Activity: From the listing that follows, reproduce only the lines from the one holding "CAVITE ENTREPRENEURSHIP STUDENT" through the one holding "Figure 2. A", both included, with no pictures.

Provided records:
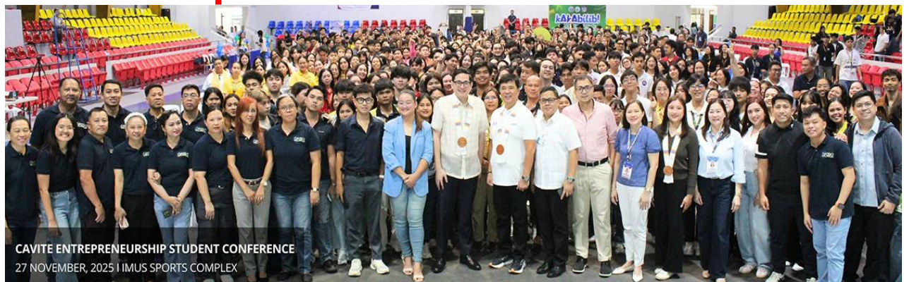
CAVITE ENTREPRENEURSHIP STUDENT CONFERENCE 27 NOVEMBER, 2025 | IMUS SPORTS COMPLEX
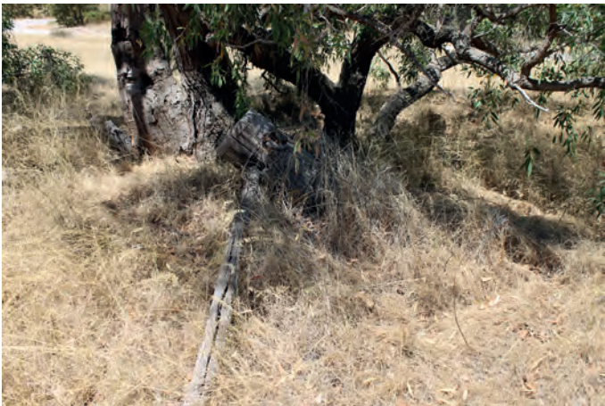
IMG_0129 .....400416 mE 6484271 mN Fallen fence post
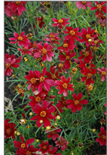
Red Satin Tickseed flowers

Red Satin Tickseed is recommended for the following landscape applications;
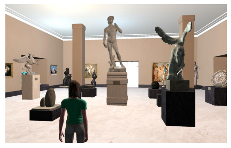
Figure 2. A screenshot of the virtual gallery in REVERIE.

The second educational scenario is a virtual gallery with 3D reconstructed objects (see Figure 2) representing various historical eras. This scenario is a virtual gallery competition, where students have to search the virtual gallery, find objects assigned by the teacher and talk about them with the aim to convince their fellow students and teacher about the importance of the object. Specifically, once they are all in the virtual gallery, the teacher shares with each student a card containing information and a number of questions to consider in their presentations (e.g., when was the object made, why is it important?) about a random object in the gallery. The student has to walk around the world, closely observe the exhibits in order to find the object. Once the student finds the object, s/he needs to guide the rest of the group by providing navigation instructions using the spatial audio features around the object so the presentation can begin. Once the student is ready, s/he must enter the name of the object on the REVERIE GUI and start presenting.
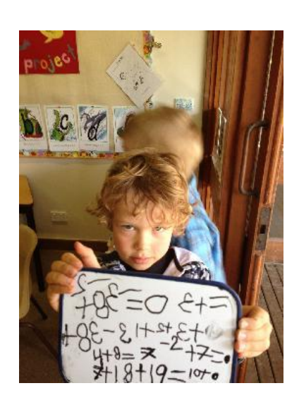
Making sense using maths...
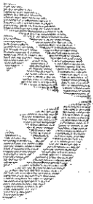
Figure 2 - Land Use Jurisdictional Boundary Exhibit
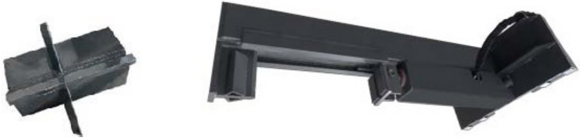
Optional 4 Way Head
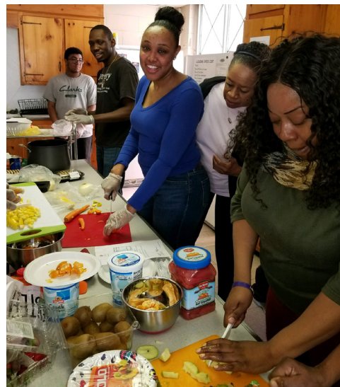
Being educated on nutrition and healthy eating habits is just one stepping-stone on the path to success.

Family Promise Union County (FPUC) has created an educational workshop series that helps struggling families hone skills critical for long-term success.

---

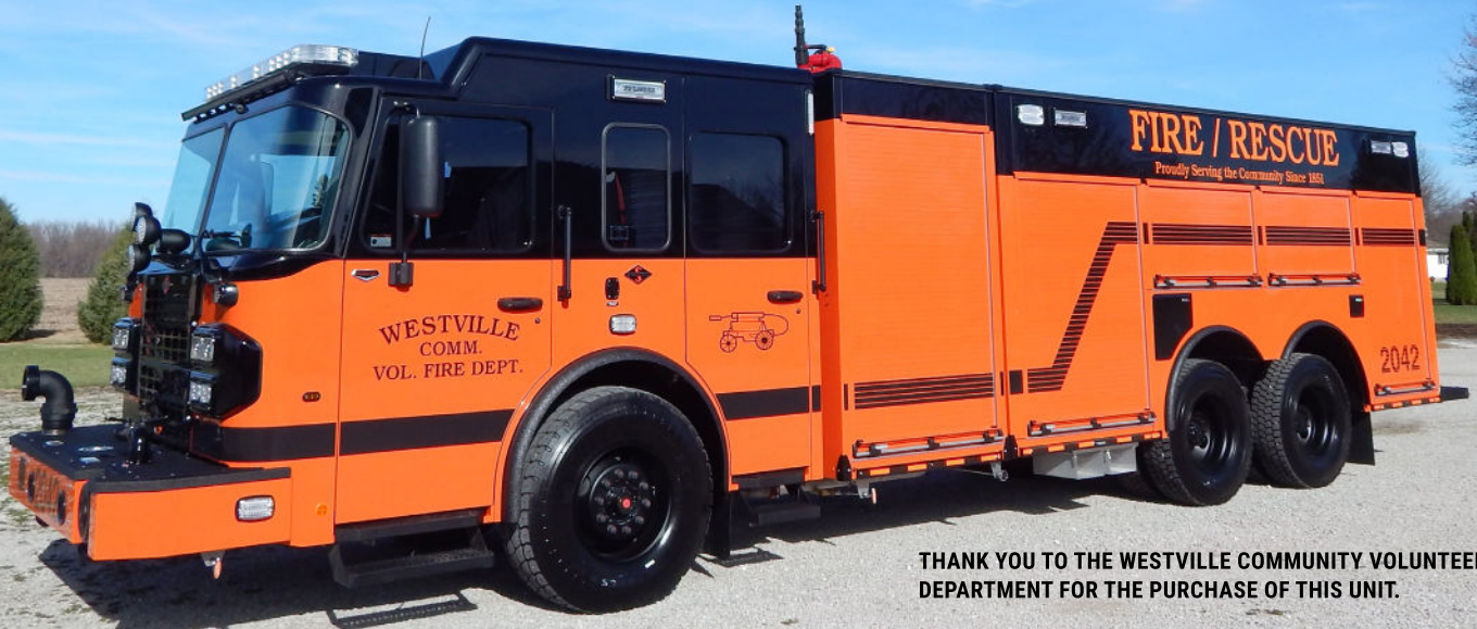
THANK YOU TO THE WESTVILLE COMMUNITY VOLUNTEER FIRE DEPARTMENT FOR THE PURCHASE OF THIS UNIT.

Answer for the task:
CAVITE ENTREPRENEURSHIP STUDENT CONFERENCE 27 NOVEMBER, 2025 | IMUS SPORTS COMPLEX
IMG_0129 .....400416 mE 6484271 mN Fallen fence post
Red Satin Tickseed flowers

Red Satin Tickseed is recommended for the following landscape applications;
Figure 2. A screenshot of the virtual gallery in REVERIE.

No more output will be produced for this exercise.